▶ _Given information_

▽

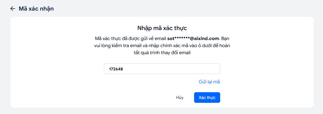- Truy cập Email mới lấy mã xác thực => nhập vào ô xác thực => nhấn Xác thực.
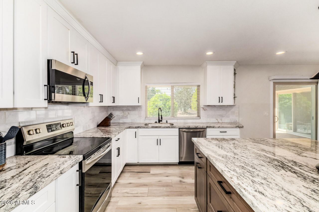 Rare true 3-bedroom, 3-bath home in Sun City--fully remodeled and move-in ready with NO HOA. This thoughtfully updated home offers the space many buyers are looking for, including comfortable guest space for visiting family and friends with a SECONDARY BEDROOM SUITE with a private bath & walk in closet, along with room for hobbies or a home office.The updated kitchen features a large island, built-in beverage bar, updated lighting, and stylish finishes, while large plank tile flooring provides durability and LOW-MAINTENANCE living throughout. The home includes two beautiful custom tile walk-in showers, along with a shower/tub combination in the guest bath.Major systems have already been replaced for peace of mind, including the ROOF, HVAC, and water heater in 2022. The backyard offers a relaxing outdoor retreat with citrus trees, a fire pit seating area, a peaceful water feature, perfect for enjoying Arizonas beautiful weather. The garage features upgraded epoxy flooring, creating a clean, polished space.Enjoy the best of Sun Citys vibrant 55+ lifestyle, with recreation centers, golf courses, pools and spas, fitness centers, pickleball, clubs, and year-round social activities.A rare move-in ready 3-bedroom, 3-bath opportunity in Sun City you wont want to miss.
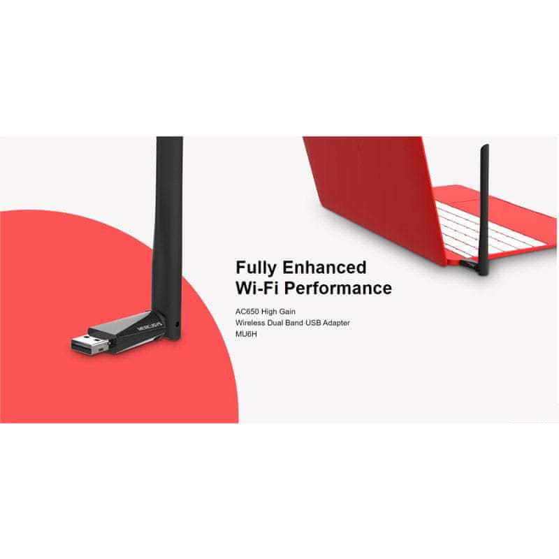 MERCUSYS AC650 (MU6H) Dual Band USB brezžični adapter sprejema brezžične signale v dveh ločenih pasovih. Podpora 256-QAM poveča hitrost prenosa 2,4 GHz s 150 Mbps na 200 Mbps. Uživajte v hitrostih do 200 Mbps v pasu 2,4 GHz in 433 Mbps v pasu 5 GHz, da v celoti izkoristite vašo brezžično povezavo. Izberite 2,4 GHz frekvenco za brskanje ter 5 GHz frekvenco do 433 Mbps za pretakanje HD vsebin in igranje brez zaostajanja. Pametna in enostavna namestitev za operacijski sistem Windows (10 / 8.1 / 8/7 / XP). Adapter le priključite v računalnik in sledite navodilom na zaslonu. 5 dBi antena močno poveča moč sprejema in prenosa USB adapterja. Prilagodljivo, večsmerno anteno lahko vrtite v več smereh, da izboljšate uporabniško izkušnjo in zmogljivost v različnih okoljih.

△

▶ _Exercise description_
All of the material above should be output exactly, with the pictures left behind.

▶ _Problem solution_
- Truy cập Email mới lấy mã xác thực => nhập vào ô xác thực => nhấn Xác thực.
 Rare true 3-bedroom, 3-bath home in Sun City--fully remodeled and move-in ready with NO HOA. This thoughtfully updated home offers the space many buyers are looking for, including comfortable guest space for visiting family and friends with a SECONDARY BEDROOM SUITE with a private bath & walk in closet, along with room for hobbies or a home office.The updated kitchen features a large island, built-in beverage bar, updated lighting, and stylish finishes, while large plank tile flooring provides durability and LOW-MAINTENANCE living throughout. The home includes two beautiful custom tile walk-in showers, along with a shower/tub combination in the guest bath.Major systems have already been replaced for peace of mind, including the ROOF, HVAC, and water heater in 2022. The backyard offers a relaxing outdoor retreat with citrus trees, a fire pit seating area, a peaceful water feature, perfect for enjoying Arizonas beautiful weather. The garage features upgraded epoxy flooring, creating a clean, polished space.Enjoy the best of Sun Citys vibrant 55+ lifestyle, with recreation centers, golf courses, pools and spas, fitness centers, pickleball, clubs, and year-round social activities.A rare move-in ready 3-bedroom, 3-bath opportunity in Sun City you wont want to miss.
 MERCUSYS AC650 (MU6H) Dual Band USB brezžični adapter sprejema brezžične signale v dveh ločenih pasovih. Podpora 256-QAM poveča hitrost prenosa 2,4 GHz s 150 Mbps na 200 Mbps. Uživajte v hitrostih do 200 Mbps v pasu 2,4 GHz in 433 Mbps v pasu 5 GHz, da v celoti izkoristite vašo brezžično povezavo. Izberite 2,4 GHz frekvenco za brskanje ter 5 GHz frekvenco do 433 Mbps za pretakanje HD vsebin in igranje brez zaostajanja. Pametna in enostavna namestitev za operacijski sistem Windows (10 / 8.1 / 8/7 / XP). Adapter le priključite v računalnik in sledite navodilom na zaslonu. 5 dBi antena močno poveča moč sprejema in prenosa USB adapterja. Prilagodljivo, večsmerno anteno lahko vrtite v več smereh, da izboljšate uporabniško izkušnjo in zmogljivost v različnih okoljih.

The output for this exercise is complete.